Proposed by Rabin and Karp, this algorithm uses hashing to speed up string matching. It performs well in practice and generalizes to related problems (e.g., two-dimensional pattern matching).

Core Idea

Treat each string of m characters as a number and use modular arithmetic to compare pattern and text windows efficiently.

• Assume Σ = {0, 1, ..., 9} (each character is a decimal digit; in general, use radix d = |Σ|)
• Let p = decimal value of P[1..m]
• Let t_s = decimal value of T[s+1..s+m] for s = 0, 1, ..., n − m
• t_s = p if and only if T[s+1..s+m] = P[1..m] — i.e., s is a valid shift iff t_s = p

Computing Hash Values Efficiently

Computing p using Horner's rule in Θ(m) time:

p = P[m] + 10(P[m−1] + 10(P[m−2] + ··· + 10(P[2] + 10·P[1])···))

Computing t₀ from T[1..m] similarly in Θ(m) time.

Recurrence for remaining values — compute t_{s+1} from t_s in constant time:

t_{s+1} = 10·(t_s − 10^{m−1} · T[s+1]) + T[s+m+1]

This removes the high-order digit, shifts left, and adds the new low-order digit.

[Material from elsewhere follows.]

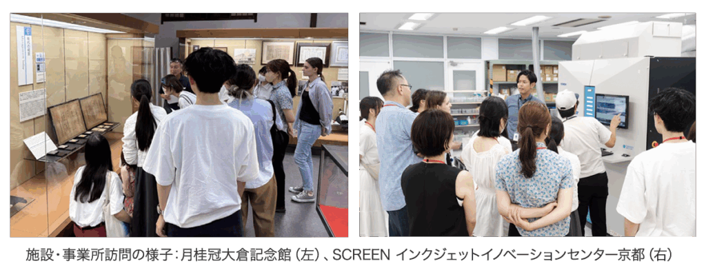 京都芸大の学生は、両社による事業所訪問や説明を経て、商業製品デザインの流れを学びながら日本酒ラベルを制作。SCREEN GAはデザインを高品質に印刷・加工し、月桂冠が自社の日本酒に貼付して販売する。

Example: if m = 5 and t_s = 31415, removing high-order digit 3 and adding new digit 2:

t_{s+1} = 10·(31415 − 10000·3) + 2 = 14152

The Modular Arithmetic Approach

Problem: p and t_s may be too large for single-precision arithmetic.

Solution: compute everything modulo q (a suitable prime):

t_{s+1} = (d·(t_s − T[s+1]·h) + T[s+m+1]) mod q

where h ≡ d^{m−1} (mod q) is the value of the high-order digit position.

• Choose q as a prime such that d·q fits in one computer word
• If t_s ≢ p (mod q), then t_s ≠ p — shift s is definitely invalid
• If t_s ≡ p (mod q), we have a hit — but it could be a spurious hit
• On a hit, explicitly verify P[1..m] = T[s+1..s+m]

Algorithm

RABIN-KARP-MATCHER(T, P, d, q)
  n = T.length
  m = P.length
  h = d^{m−1} mod q
  p = 0
  t₀ = 0
  for i = 1 to m                          // preprocessing
      p = (d·p + P[i]) mod q
      t₀ = (d·t₀ + T[i]) mod q
  for s = 0 to n − m                      // matching
      if p == t_s
          if P[1..m] == T[s+1..s+m]
              print "Pattern occurs with shift" s
      if s < n − m
          t_{s+1} = (d·(t_s − T[s+1]·h) + T[s+m+1]) mod q

Analysis

• Preprocessing time: Θ(m)
• Worst-case matching time: Θ((n − m + 1)m) — same as naive (e.g., P = aᵐ, T = aⁿ)
• Expected matching time: O(n) + O(m(ν + n/q))
  • ν = number of valid shifts
  • Expected spurious hits: O(n/q) (assuming hash values behave like random mappings)
• If ν = O(1) and q ≥ m, expected matching time is O(n + m) = O(n)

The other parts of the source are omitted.